Warren Beatty scored an unlikely hit with a comedy about life after death
Screenshot: Heaven Can Wait

Watch This offers movie recommendations inspired by new releases, premieres, current events, or occasionally just our own inscrutable whims. This week: Pixar’s Soul was supposed to hit theaters. In its absence, we’re looking back on other cinematic depictions of the afterlife.


Heaven Can Wait (1978)

Heaven Can Wait may have ended up a sweeping commercial and critical success, but any Hollywood oddsmaker would have pegged it as a potential disaster. Its development read like something out of an over-the-top industry satire; the budget was ridiculous (at least by ’70s standards); and the whole idea of making an earnest homage to the 1940s heyday of guardian-angel- and afterlife-based comedies had all the makings of a vanity project. Which, in a sense, it is, being a Warren Beatty movie—actually the famously difficult actor’s behind-the-camera debut, though it was co-directed with the writer and comedian Buck Henry. It shares with the later (but similarly quirky) Beatty directorial efforts like Dick Tracy and Rules Don’t Apply a nostalgia for wish fulfillment and purportedly lost American innocence.

In Heaven Can Wait (which, confusingly, isn’t a remake of 1943’s Heaven Can Wait but of 1941’s Here Comes Mr. Jordan), Beatty plays Joe Pendleton, a good-natured, soprano-saxophone-playing backup quarterback for the L.A. Rams who is mistakenly sent to the hereafter after a car accident. Though Joe wasn’t actually due to die until 2025, his remains have already been cremated; the best that the angelic management type Mr. Jordan (James Mason) can offer is a fresh corpse.

The quarterback ends up picking the body of the filthy rich industrialist Leo Farnsworth, who has just been murdered by his scheming wife Julia (Dyan Cannon) and “personal private executive secretary” Tony Abbott (Charles Grodin). Joe is less attracted by Farnsworth’s material possessions than by the prospect of wooing Betty (Julie Christie), an activist who has come to protest his latest development project. In light of Beatty’s somewhat left-of-Hollywood leanings (his next project would be Reds), it’s hard to overlook the movie’s politics. At one point, Beatty had even considered casting the former politician and anti-war Democratic primary candidate Eugene McCarthy for the role of Mr. Jordan.

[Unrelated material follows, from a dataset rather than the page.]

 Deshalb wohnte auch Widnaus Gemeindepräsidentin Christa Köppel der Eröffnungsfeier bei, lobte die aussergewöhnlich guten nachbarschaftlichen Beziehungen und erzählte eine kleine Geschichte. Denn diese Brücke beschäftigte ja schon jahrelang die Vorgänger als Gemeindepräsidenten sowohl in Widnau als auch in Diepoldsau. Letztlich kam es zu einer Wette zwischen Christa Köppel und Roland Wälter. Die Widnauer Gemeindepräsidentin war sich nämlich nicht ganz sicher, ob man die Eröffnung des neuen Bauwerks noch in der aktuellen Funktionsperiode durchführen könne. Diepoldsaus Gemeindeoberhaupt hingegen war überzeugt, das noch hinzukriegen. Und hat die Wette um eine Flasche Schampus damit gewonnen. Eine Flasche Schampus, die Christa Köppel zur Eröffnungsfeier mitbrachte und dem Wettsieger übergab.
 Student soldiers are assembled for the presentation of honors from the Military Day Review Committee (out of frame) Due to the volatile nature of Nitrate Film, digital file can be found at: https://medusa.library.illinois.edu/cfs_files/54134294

But this sort of rooting for the common man was arguably as much of a throwback as the movie’s style. Though very much a product of New Hollywood creative freedom, Heaven Can Wait seemed out-of-time in the late ’70s. It’s old-fashioned and set-bound. Neither Beatty nor Henry (who also plays the rookie angel responsible for the mix-up that sends Joe to the afterlife) had ever directed a movie, and there are a few clunky moments. A lot of it takes place in a single house and involves the kind of intrigues that typified an earlier era; much of the rest centers on the aggressively uncinematic subject of American football.

Yet this is a movie with a surplus of winning charm, kept in an unlikely balance by Beatty and an exceptionally good supporting cast—including all of the above-mentioned actors as well as Jack Warden, who plays Joe’s coach. One thing that might stick out to a modern viewer is that Joe, with his love of the soprano sax and his less-than-convincing football prowess (Beatty was at least 15 years too old to play a late ’70s NFL player), is not all that different from the kind of deluded overgrown goofball characters that Will Ferrell would play more than three decades later. The difference is at least partly in the sweetness and restraint of the performance.

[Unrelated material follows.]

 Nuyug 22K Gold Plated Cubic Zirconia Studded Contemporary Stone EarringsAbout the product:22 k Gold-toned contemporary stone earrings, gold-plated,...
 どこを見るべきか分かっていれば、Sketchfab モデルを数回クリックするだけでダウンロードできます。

One of the kookier details of Heaven Can Wait’s production backstory is that it was originally developed by Beatty as a starring vehicle for Muhammad Ali, in which the Joe Pendleton character would be a boxer, as in the original Here Comes Mr. Jordan. It’s an idea that sounds intriguing (given Ali’s outspoken charisma) and would unquestionably have been much more politicized, but it’s hard to square it with the finished product. Despite the fact that it’s a fantasy about reincarnation and the great beyond, Heaven Can Wait is a movie without visual effects. Instead, its humor depends to a large extent on screwball dynamics and the sincerity of Beatty’s Joe.